---------- Given data

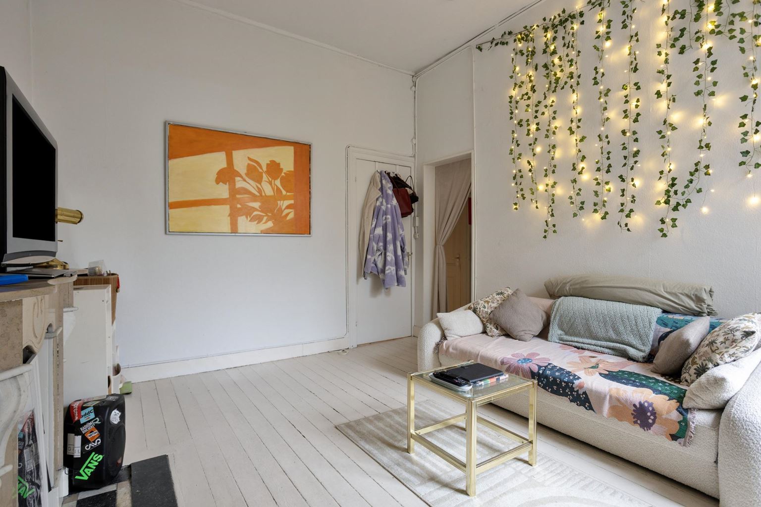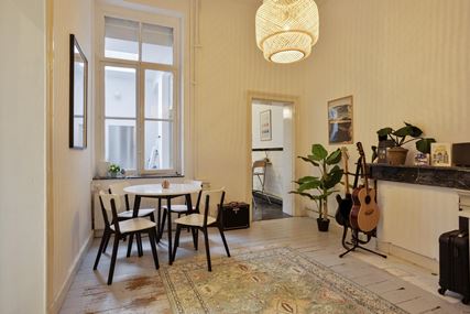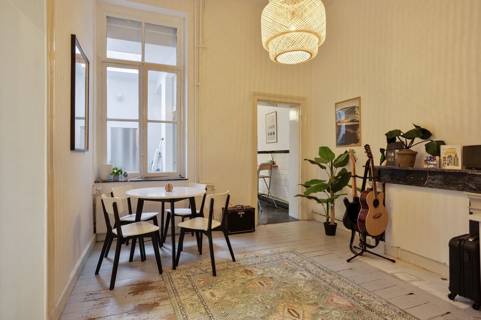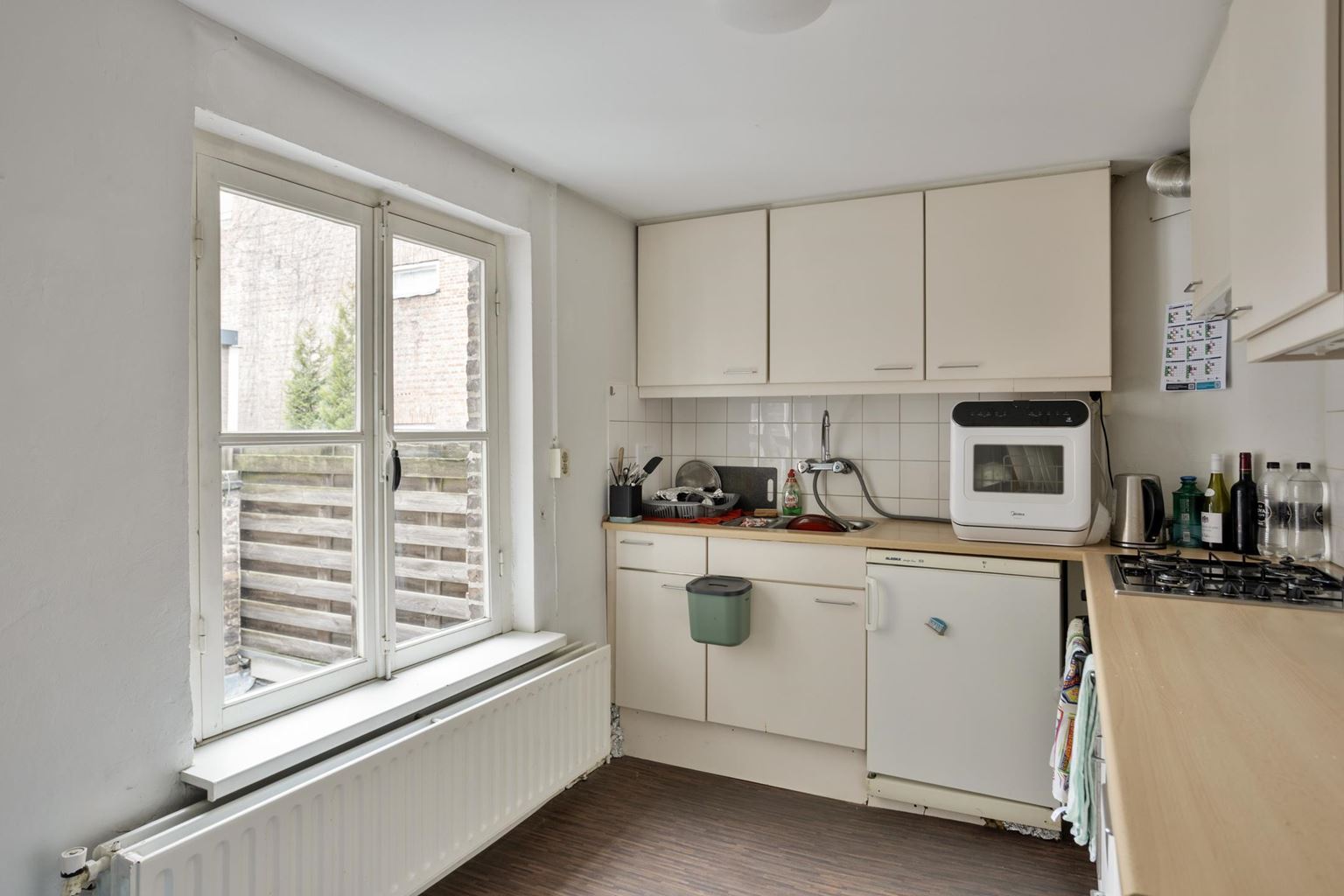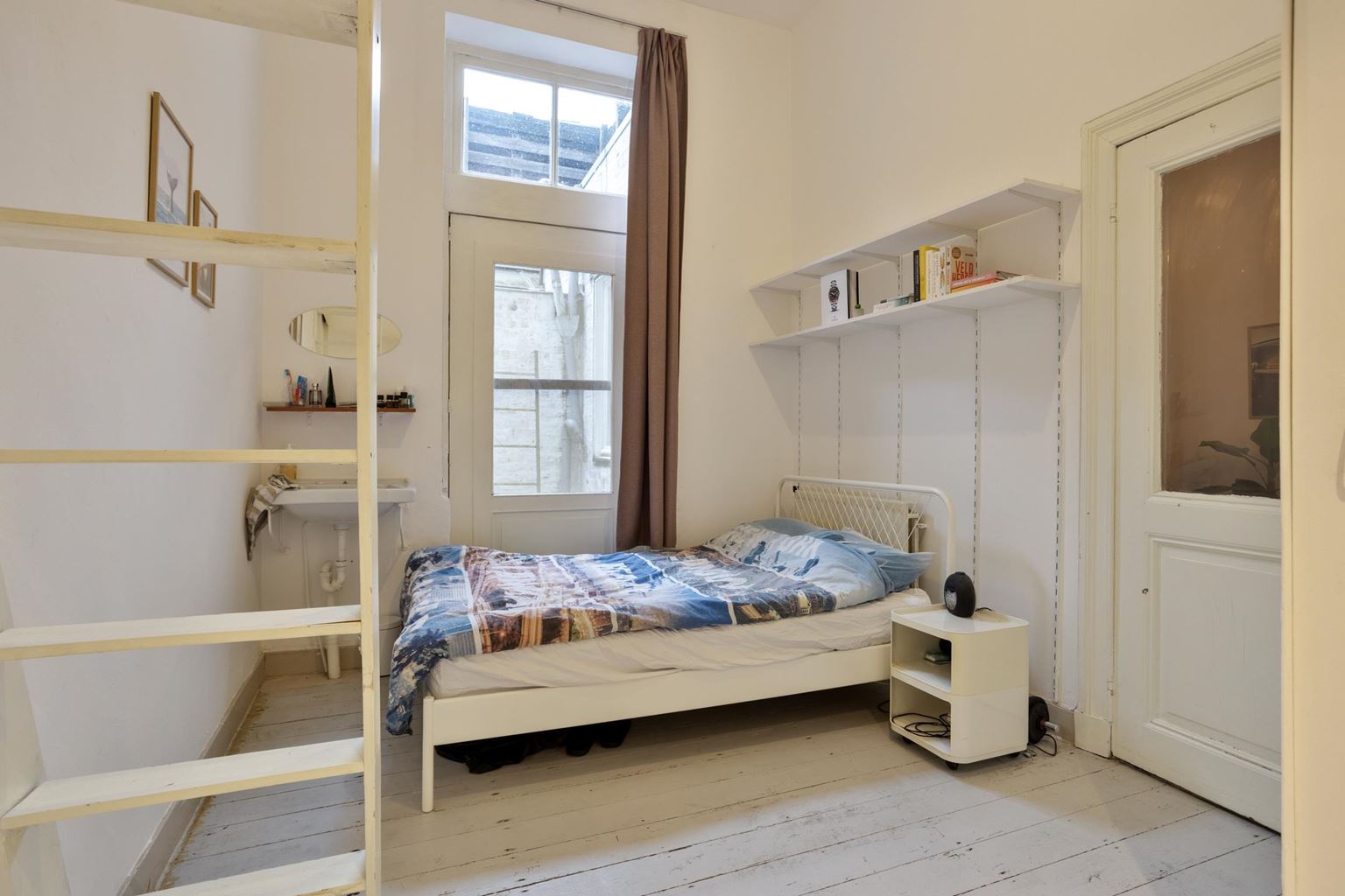 Het appartement op de tweede verdieping is eveneens bereikbaar via de gemeenschappelijke overloop en beschikt over een woonkamer, een aparte keuken met gescheiden eetkamer, een slaapkamer en een badkamer.
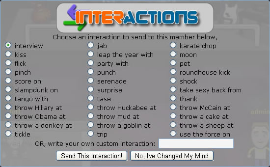 To access this feature, left click any avatar and select the option 'Send Interaction'. You will now be able to send an interaction as shown below.
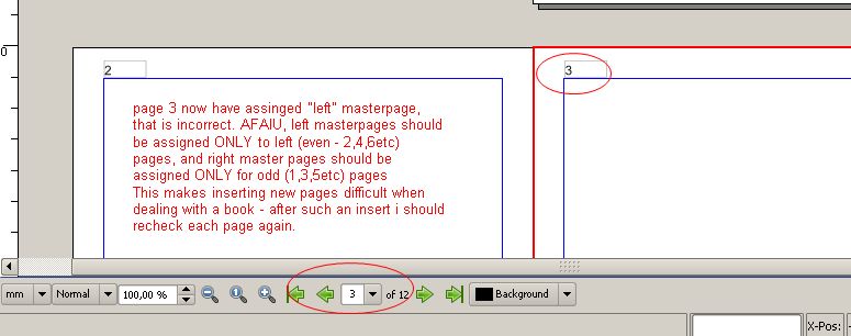 | Steps To Reproduce | 1. open the attached sla. Pls note page numbers in the top of the pages: odd numbers comes from masterpage named "1", and even numbers come from masterpage named "2". Everything is ok, like in a normal book. 2. Now insert ONE page after page 1. 3. See result and attachment. Page 3 now become assigned masterpage "2" that is a "left" masterpage. Inserting pages should not break the numbering layout. AFAIU, right pages (1,3,5 etc) should be allowed to have ONLY right masterpages, and left pages (2,4,6 etc) only left ones. Else adding new pages into existing document makes a real pain: after such an insert page numbering layout is broken. | ||||
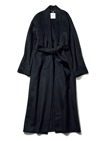 黒コート(ベルトつき)/ルル・ウィルビー(アルアバイル) 簡単に縦長フォルムがつくれて、上品かつどんなインナーともバランスがとりやすいロング丈。前開きのガウンタイプだと、かっちりしすぎず長い黒にも抜け感が。贅沢なカシミヤ混。

--------------------

### Task to complete:
Leave the pictures out and output the rest of the data word for word.

### Your response:
 Het appartement op de tweede verdieping is eveneens bereikbaar via de gemeenschappelijke overloop en beschikt over een woonkamer, een aparte keuken met gescheiden eetkamer, een slaapkamer en een badkamer.
 To access this feature, left click any avatar and select the option 'Send Interaction'. You will now be able to send an interaction as shown below.
 | Steps To Reproduce | 1. open the attached sla. Pls note page numbers in the top of the pages: odd numbers comes from masterpage named "1", and even numbers come from masterpage named "2". Everything is ok, like in a normal book. 2. Now insert ONE page after page 1. 3. See result and attachment. Page 3 now become assigned masterpage "2" that is a "left" masterpage. Inserting pages should not break the numbering layout. AFAIU, right pages (1,3,5 etc) should be allowed to have ONLY right masterpages, and left pages (2,4,6 etc) only left ones. Else adding new pages into existing document makes a real pain: after such an insert page numbering layout is broken. | ||||
 黒コート(ベルトつき)/ルル・ウィルビー(アルアバイル) 簡単に縦長フォルムがつくれて、上品かつどんなインナーともバランスがとりやすいロング丈。前開きのガウンタイプだと、かっちりしすぎず長い黒にも抜け感が。贅沢なカシミヤ混。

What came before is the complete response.